● **WHAT THE TASK REQUIRES**
The full listing, returned exactly and free of pictures, is the expected answer.

● **RAW DATA**

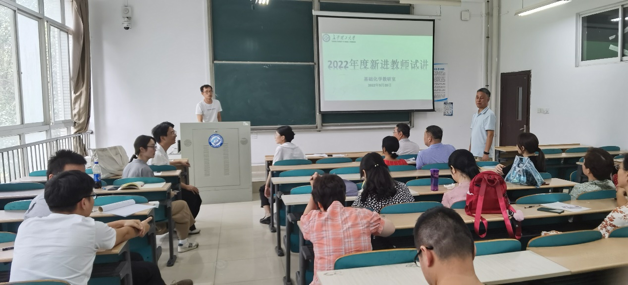 青年教师是学院的新鲜血液,是学院未来蓬勃发展的希望。为有效地促进新教师快速成长,提高我院新进教师的教学水平,帮助新教师尽快进入角色,我院基础化学教研室于2022年9月20日下午,在工科2楼A213室开展了一次“2022年新教师试讲”专题活动。基础教研室全体老师参与了此次观摩听课及评价活动。
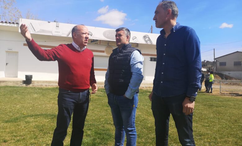 El vicepresidente primero de la Diputación de Zamora y diputado de Carreteras, José María Barrios Tejero, acompañado por el alcalde de Camarzana de Tera, Jaime Panizo, y por el diputado por la circunscripción de Benavente, Emilio Fernández Martínez, así como técnicos del Área de Obras de la Institución Provincial, ha visitado las instalaciones deportivas de «Entrepuentes» de la localidad en las que próximamente se comenzarán a ejecutar las obras para la mejorar el campo de fútbol actual, a las que la Institución Provincial aporta 110.000 euros.
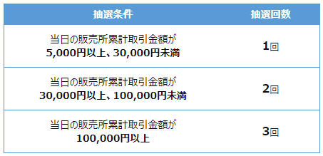 キャンペーン期間中、当日の販売所累計取引金額に応じて抽選に参加できます(獲得した抽選回数は当日のみ抽選可能)。
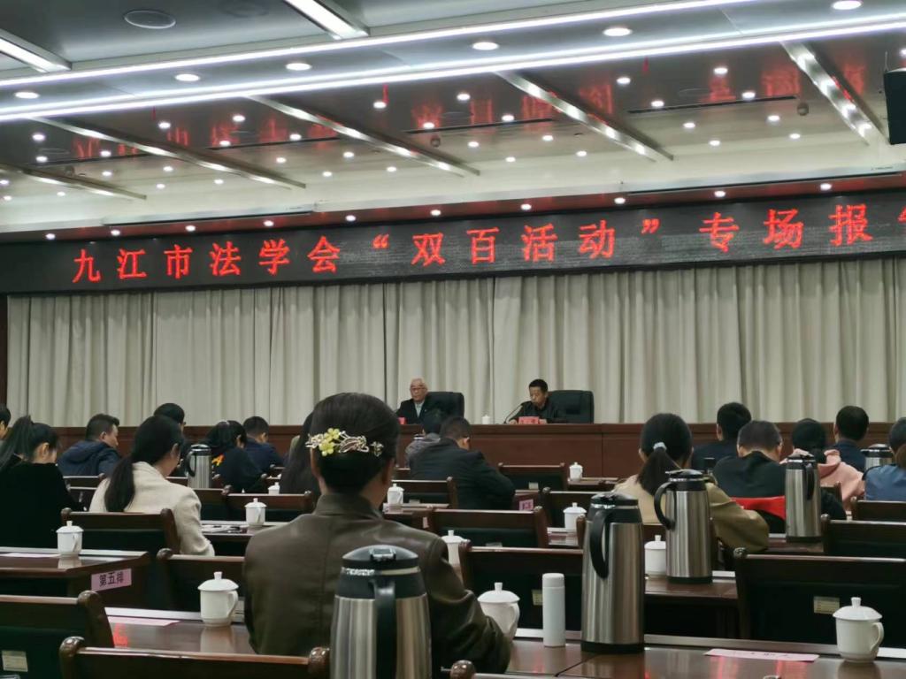 2023年11月10日上午,Beat365中文官方网站师生一行二十人乘车前往九江市人民政府会议厅参加九江市法学会主办的“百名法学家百场报告会”专场活动。此次活动邀请华东政法大学原副校长、功勋教授王立民作专题报告,讲座题目为“中华法系重要问题”。
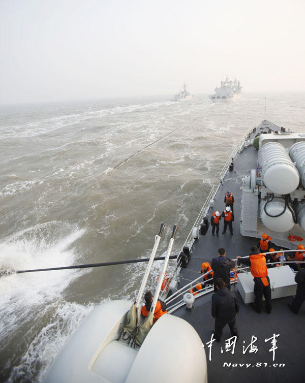 海军053护卫舰海上补给
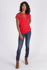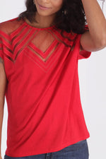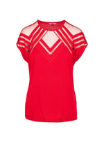 This red t-shirt has short sleeves and a round neck. The neckline is embellished with floral print. the front by  geometric shapes on veil that allows a glimpse of your skin, for a sensual result. The brand logo is flocked. at the neck.
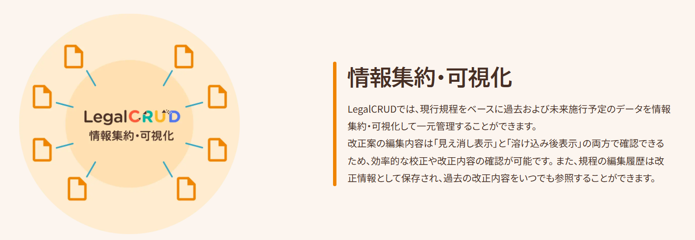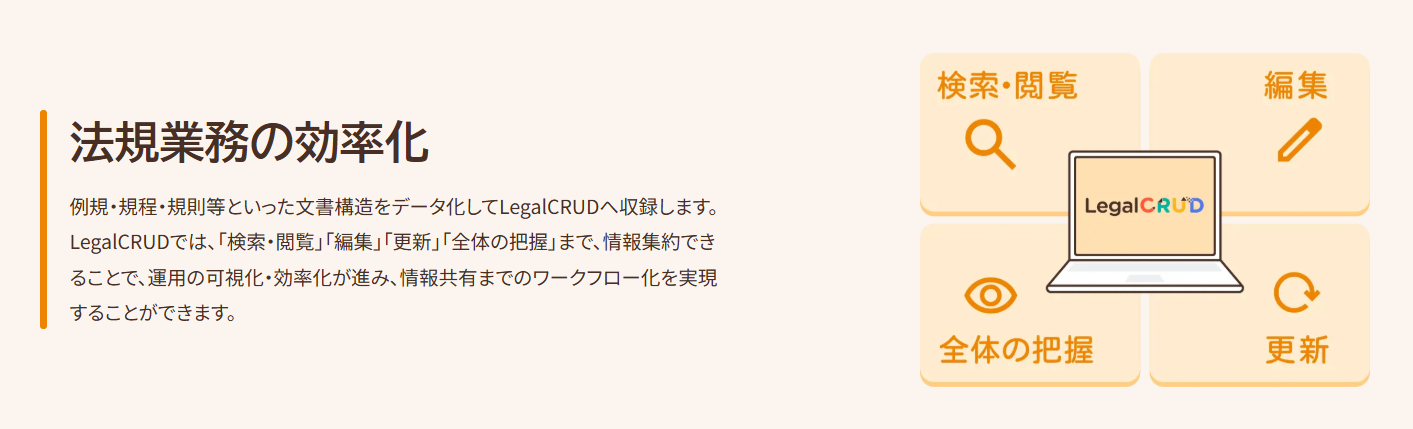 LegalCRUDは、規程集の管理、検索、編集、校正、承認、更新までの一連の法規業務をクラウド上で一元化できるソリューションです。改正案の編集支援(見え消し表示・差分条文・自動条項付番)、用語・誤字精査、新旧対照表や全文・改正文のWord出力、承認ワークフロー、編集履歴の蓄積、そしてWeb公開まで対応し、情報集約と業務の見える化を推進します
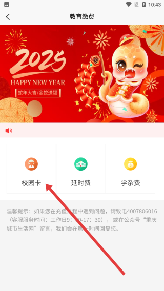 2、當(dāng)我們進(jìn)入教育繳費(fèi)界面后,選擇校園卡選項(xiàng),可進(jìn)行校園卡相關(guān)費(fèi)用的繳納操作。

● **RESULT OF THE EXERCISE**
 青年教师是学院的新鲜血液,是学院未来蓬勃发展的希望。为有效地促进新教师快速成长,提高我院新进教师的教学水平,帮助新教师尽快进入角色,我院基础化学教研室于2022年9月20日下午,在工科2楼A213室开展了一次“2022年新教师试讲”专题活动。基础教研室全体老师参与了此次观摩听课及评价活动。
 El vicepresidente primero de la Diputación de Zamora y diputado de Carreteras, José María Barrios Tejero, acompañado por el alcalde de Camarzana de Tera, Jaime Panizo, y por el diputado por la circunscripción de Benavente, Emilio Fernández Martínez, así como técnicos del Área de Obras de la Institución Provincial, ha visitado las instalaciones deportivas de «Entrepuentes» de la localidad en las que próximamente se comenzarán a ejecutar las obras para la mejorar el campo de fútbol actual, a las que la Institución Provincial aporta 110.000 euros.
 キャンペーン期間中、当日の販売所累計取引金額に応じて抽選に参加できます(獲得した抽選回数は当日のみ抽選可能)。
 2023年11月10日上午,Beat365中文官方网站师生一行二十人乘车前往九江市人民政府会议厅参加九江市法学会主办的“百名法学家百场报告会”专场活动。此次活动邀请华东政法大学原副校长、功勋教授王立民作专题报告,讲座题目为“中华法系重要问题”。
 海军053护卫舰海上补给
 This red t-shirt has short sleeves and a round neck. The neckline is embellished with floral print. the front by  geometric shapes on veil that allows a glimpse of your skin, for a sensual result. The brand logo is flocked. at the neck.
 LegalCRUDは、規程集の管理、検索、編集、校正、承認、更新までの一連の法規業務をクラウド上で一元化できるソリューションです。改正案の編集支援(見え消し表示・差分条文・自動条項付番)、用語・誤字精査、新旧対照表や全文・改正文のWord出力、承認ワークフロー、編集履歴の蓄積、そしてWeb公開まで対応し、情報集約と業務の見える化を推進します
 2、當(dāng)我們進(jìn)入教育繳費(fèi)界面后,選擇校園卡選項(xiàng),可進(jìn)行校園卡相關(guān)費(fèi)用的繳納操作。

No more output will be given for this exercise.